Dolayısıyla hep kendimize dönmeli, kendi hatalarımızı bulmak zorundayız. Bu anlamda ben çalışmayı seçtim ve çalışmaktan mutluluk duydum. Çünkü kendi yetkinliklerimi biliyordum, doğru zamanda doğru yerde doğru kararları vermiş olduğum için şu anda kendimi mutlu hissediyorum. 
Hedef mutluluksa eğer, bunun bir şekilde yolunu bulabiliyorsunuz. Ama bir elim, yağda, bir elim balda olmuyor her şey. 
Bu anlamda da çok çalışmamız gerektiğini düşünüyorum. Türk kadınları olarak özellikle daha çok çalışmamız gerekiyor. Ama bulunduğunuz ortamlarda, erkekler benim kendi deneyimlediğim kadarıyla hiç bir zaman engel olmadılar. Yada ben engel olunacak pozisyonları yaratmadım, diyeyim. Bu vesile şantiyelere gittiğimde, önden girdim bilgilerimle karşılandım, uğurlandım ve iş yapabildim. Sıkıntı çekmedim, işte bu anlamda mesleği seçerken çok iyi araştırma yapmalıyız.

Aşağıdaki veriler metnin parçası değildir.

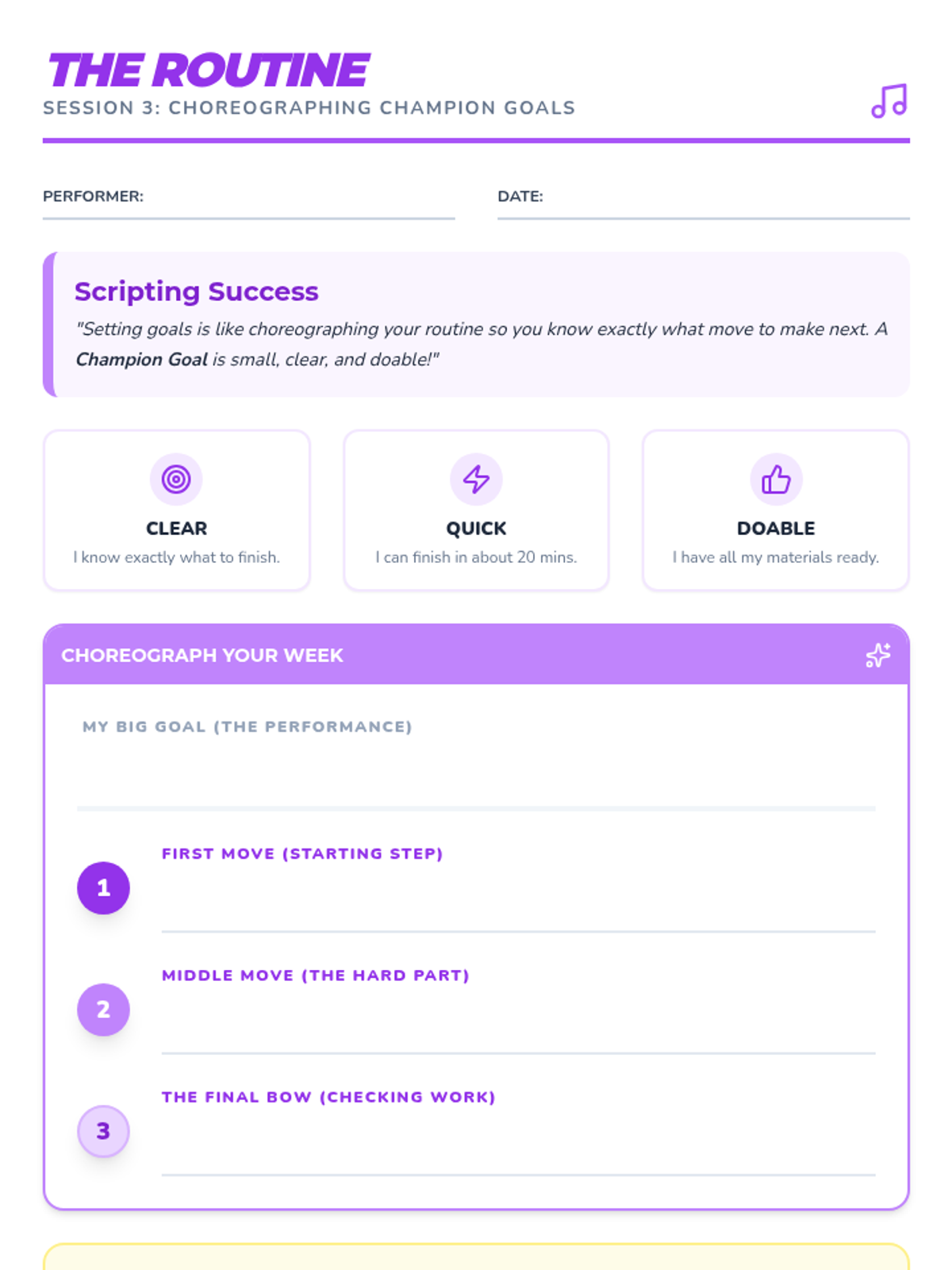 Students learn to choreograph their success by setting specific, manageable goals using dance and theater metaphors.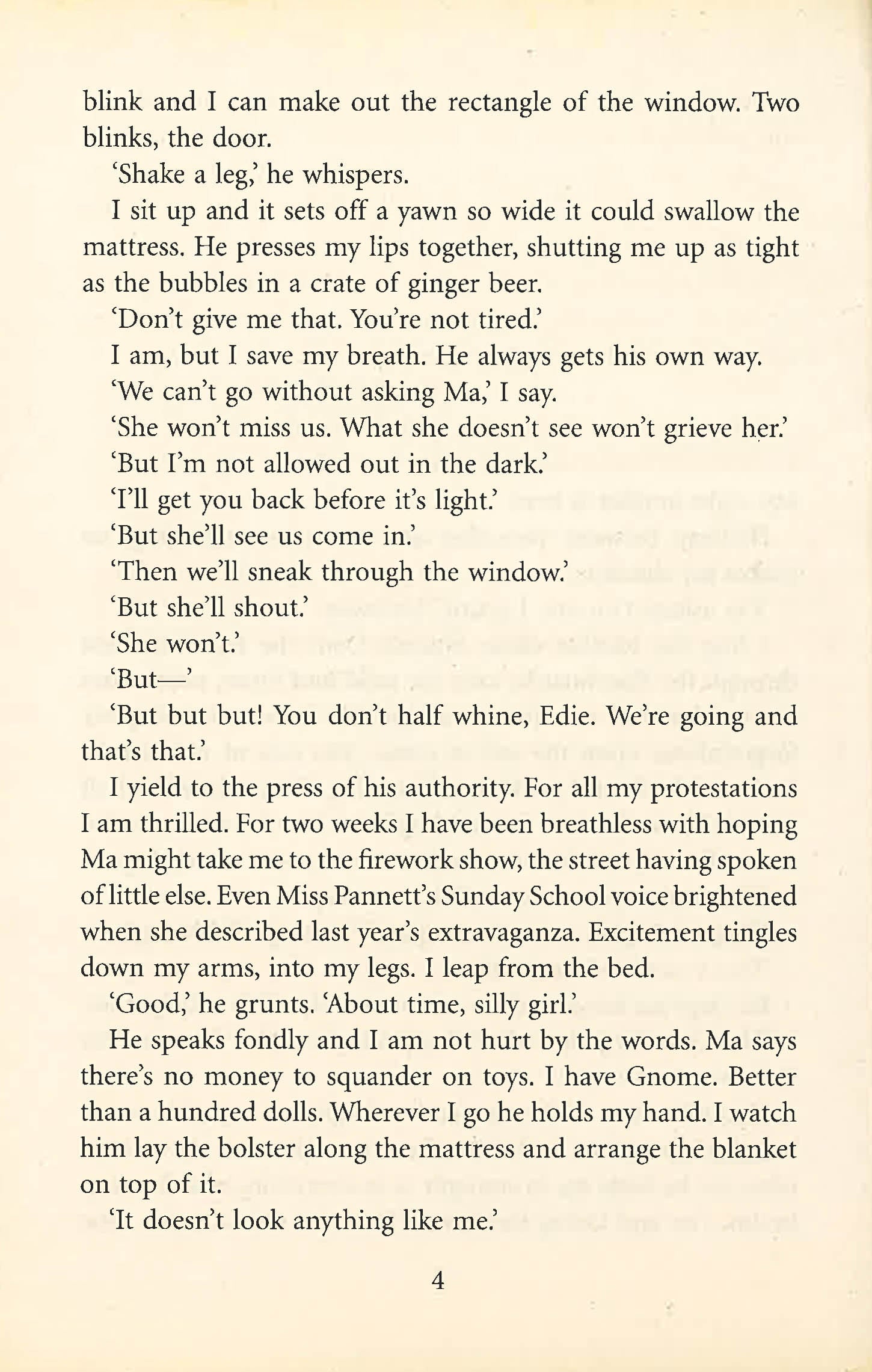 Late nineteenth-century Manchester is a city of charms and dangers - the perfect playground for young siblings, Edie and Gnome. But as they grow up, they grow apart, and while Gnome revels in the night-time, Edie wakes each morning, exhausted and uneasy, with only a dim memory of the dark hours.

Kendimizi çok iyi tanımalıyız ve bahaneler yaratarak işten kaçmamalıyız. İnsanların yapısında bu var ama başarılı olmanın en büyük dinamiklerinden biri de çalışmak. Ben hep böyle başarılı oldum. En büyük gücüm çalışmak oldu. Bu vesile, kız çocuklarına mühendislik bölümlerini seçmelerini öneririm. Diğer bütün dallarda da başarılı olabilirler. Birde bardağın dolu tarafına bakmak insana kazandırıyor. Çünkü vakit kaybetmiyorsunuz, neden öyle oldu, neden böyle oldu, ondan sonra ne olacak, bundan sonra ne olacak, bizi bir yere taşımıyor. Antalya’da olmaktan çok büyük mutluluk duyuyorum. Çok güzel deneyimlerim oldu, 51 yaşındayım, daha farklı bir hayatım olur muydu? Muhtemelen bundan daha güzeli olmazdı. Bunların hepsine ben karar verdim, ben tercih ettim. İyi yazılarımız varmış, onlarla da karşılaştım.

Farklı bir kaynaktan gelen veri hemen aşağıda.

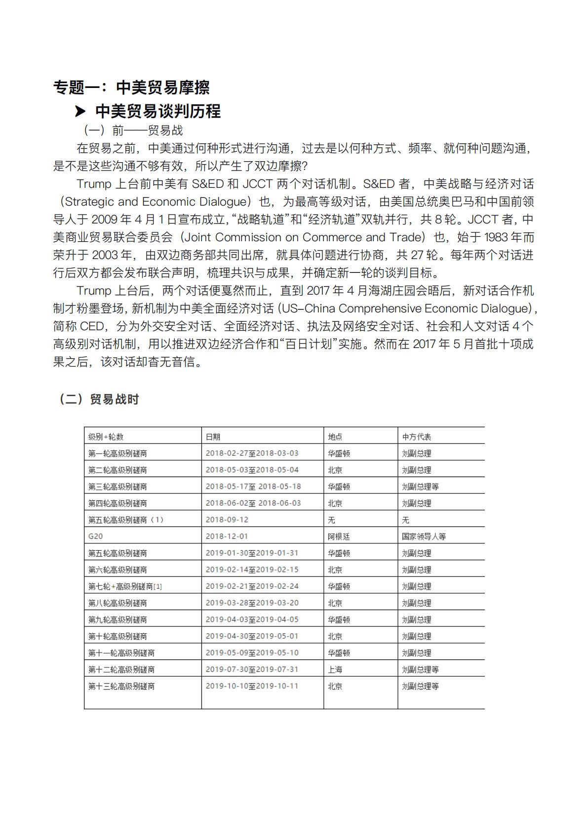 专题⼀:中美贸易摩擦中美贸易谈判历程(⼀)前——贸易战在贸易之前,中美通过何种形式进⾏沟通,过去是以何种⽅式、频率、就何种问题沟通,是不是这些沟通不够有效,所以产⽣了双边摩擦?Trump上台前中美有S&ED和JCCT两个对话机制。S&ED者,中美战略与经济对话(StrategicandEconomicDialogue)也,为最⾼等级对话,由美国总统奥巴⻢和中国前领导⼈于2009年4⽉1⽇宣布成⽴,“战略轨道”和“经济轨道”双轨并⾏,共8轮。JCCT者,中美商业贸易联合委员会(JointCommissiononCommerceandTrade)也,始于1983年⽽荣升于2003年,由双边商...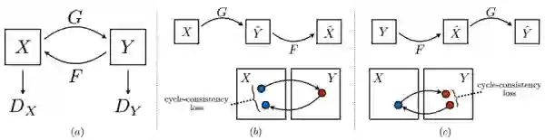 映射回来显然不可能是多个不同的x,所以加入cycle-consistency就帮助避免了mode collapse。这个问题在另一篇和CycleGAN其实本质上没什么不同的方法DiscoGAN中有更详细的讨论[12],有兴趣的话可以参考。

Bunun haricinde söyleyebileceğim; STK’larda yer almak, emekli olmuş ya da mesleğine devam eden ama fırsat bulabilen bütün kadınların ve bütün insanların boynunun borcudur diye düşünüyorum. Çünkü biz kapımızı kapatıp sadece evde yaşamıyoruz, bir kapımızın önü var, gittiğimiz yollar, geçtiğimiz, yaşadığımız parklar, şehirler var. Dolayısıyla onlara olan borcumuzu da ödememiz gerekiyor. Ben oda başkanı olarak, mesleğime olan borcumu, mühendisliğe olan, arkadaşlarıma olan borcumu, burada bu görevi yaparak ödediğimi düşünüyorum. Bulunduğum STK’larda da daha sonra hayata gelecek ya da benim tecrübelerimden faydalanmak isteyen insanlara olan borcumu da bu şekilde ödemek istiyorum. Bundan sonraki hayatımda da, daha çok insanlara fayda yaratacak ve dünyayı keşfedecek projeler içerisinde yer almak beni daha çok mutlu edecek.

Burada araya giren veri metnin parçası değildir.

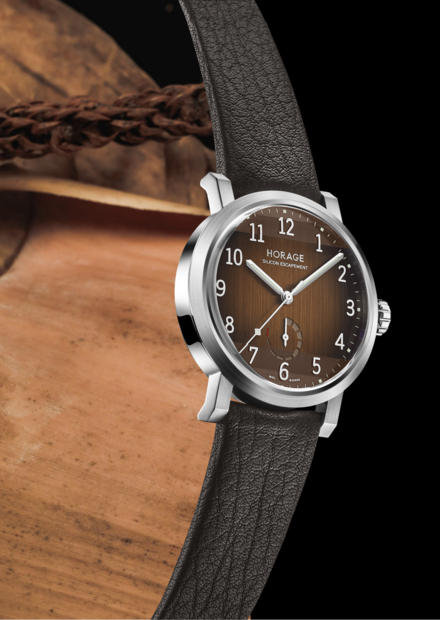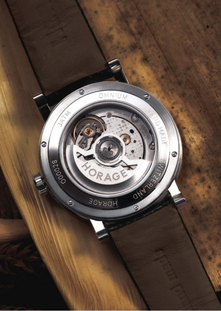 摆陀上雷射雕刻饰有HORAGE商标,与现代化夹桥板的装饰更显相得益彰。
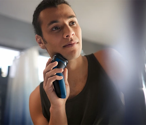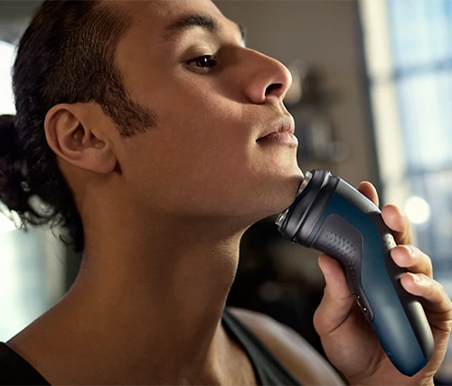 ראשי גילוח צפים שנעים בשלושה כיוונים ומסתגלים לקווי המתאר של הפנים מבלי לפצוע את העור.

Antalya Kadın Müzesi, üstüne düşen görevi çok iyi tanımlamış, ben bugün misyon ve vizyonunu okudum. Böyle bir şeye Antalya’da çok ihtiyaç vardı. Özellikle kadının adının geçtiği bu topraklarda, tanrıçaların bulunduğu bu topraklarda, bereketi, bolluğu ve doğurganlığı ifade edecek, böyle bir müzenin bulunması, kadının tarihine sahip çıkılması ve bunun adına bir takım çalışmalar yapılması çok güzel. Ben kendi adıma her türlü katkıyı yapmaya hazırım ve bu platformları oluştururken, bu hedefleri koyarken, kendi işlerinden ve zamanlarından fedakârlık yapan herkese de çok teşekkür ediyorum. Çünkü bunlar bizim çocuklarımız için de yapılmış bir takım çalışmalardır.